Maria Font i Mariona Morral, Can Morral del Molí. . PATXI URIZ | DIPUTACIÓ DE BARCELONA
Maria Font and Mariona Morral, farmers from Can Morral del Molí. PATXI URIZ | BARCELONA PROVINCIAL COUNCIL

A family of artists of the land

The Can Morral del Molí farmhouse is snugly tucked away among vineyards in the heart of Montserrat Rural Park. It’s home to a creative, indefatigable family that’s passionate about its daily work of maintaining traditional crops and protecting the local agricultural landscape.

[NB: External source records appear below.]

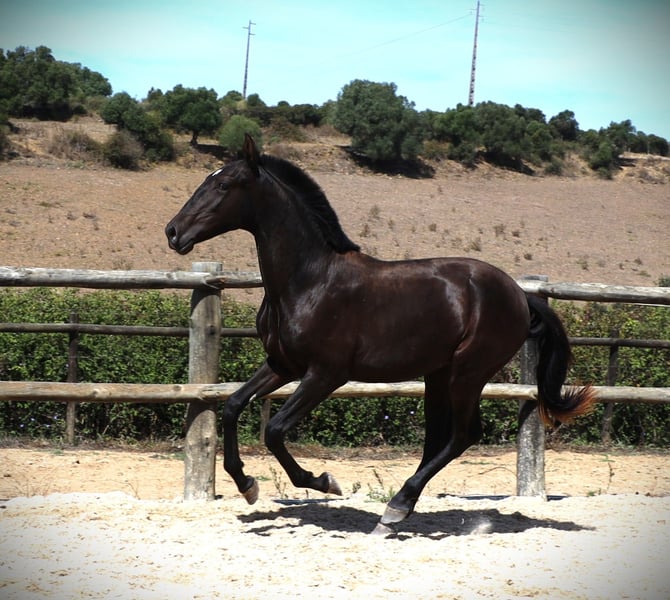 Tokio SR is currently growing up in a small group. He could stay in Portugal for further breeding and could also be broken in here later. He is a descendant of famous horses like Nordeste (Silveiras), Peralta (Vasco Freire, ), will be big enough for big riders. We are also happy to help with transportation.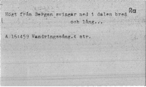 //// Ra //// Högt från Bergen svingar ned 1 dalen bred (, och lång».» //// k 16t459 Vandringssång.4 str. ////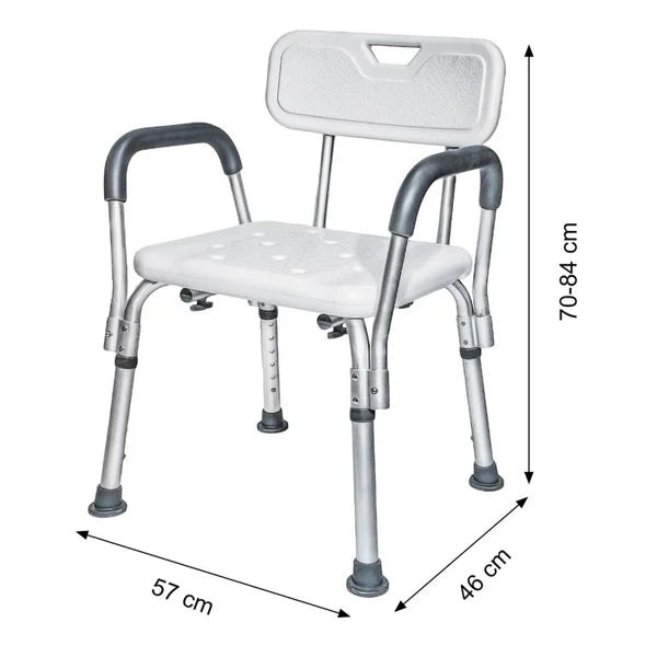 Scaun pentru baie, cu suport brate, ajustabil, alb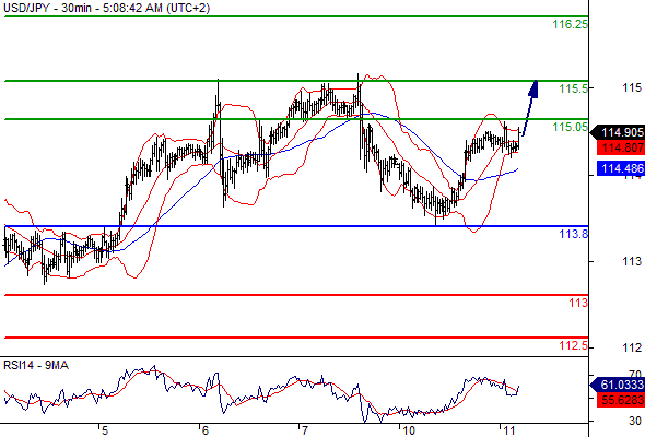 Our preference: Long positions above 113.8 with targets @ 115.05 & 115.5 in extension.

At the Can Morral del Molí winery, Maria Font (Ullastrell, 1973), her husband Xavier and their daughter Mariona share the habit of waking up early, crossing the road on foot and setting to work on their grapevines. They go about their tasks in an enthusiastic, carefree manner, approaching farming as an artistic, creative endeavour that enables them to follow the rhythm of nature and protect the landscape. They form a tight-knit team on their farm which, like those of yesteryear, has a bit of everything. Set between Abrera and Ullastrell, it covers 54 hectares of land, ten of which are occupied by grapevines certified by the Catalan Council for Organic Agricultural Production (CCPAE). Fruit trees, olive trees, a market garden and livestock complete a picture that’s created in practice through regenerative and biodynamic farming techniques. The family decided to open a winery 15 years ago with the goal of producing wine using age-old methods. In addition to wine tastings in a dedicated area set up in the farmhouse, they offer regular guided tours, along with other wine tourism activities.

Anyone who meets this family can be in no doubt that they love their work and farmhouse. Can Morral del Molí was inherited by Xavier Morral, who was born here in 1953. He’s always had a close relationship with the land and continues to apply the knowledge he gained growing up in a farming family. His wife, Maria Font, had studied something else but embraced her new life with optimism and pragmatism. Meanwhile, the household’s youngest member, their daughter Mariona Morral Font (Terrassa, 1998), studied oenology and is keen to take the company forward.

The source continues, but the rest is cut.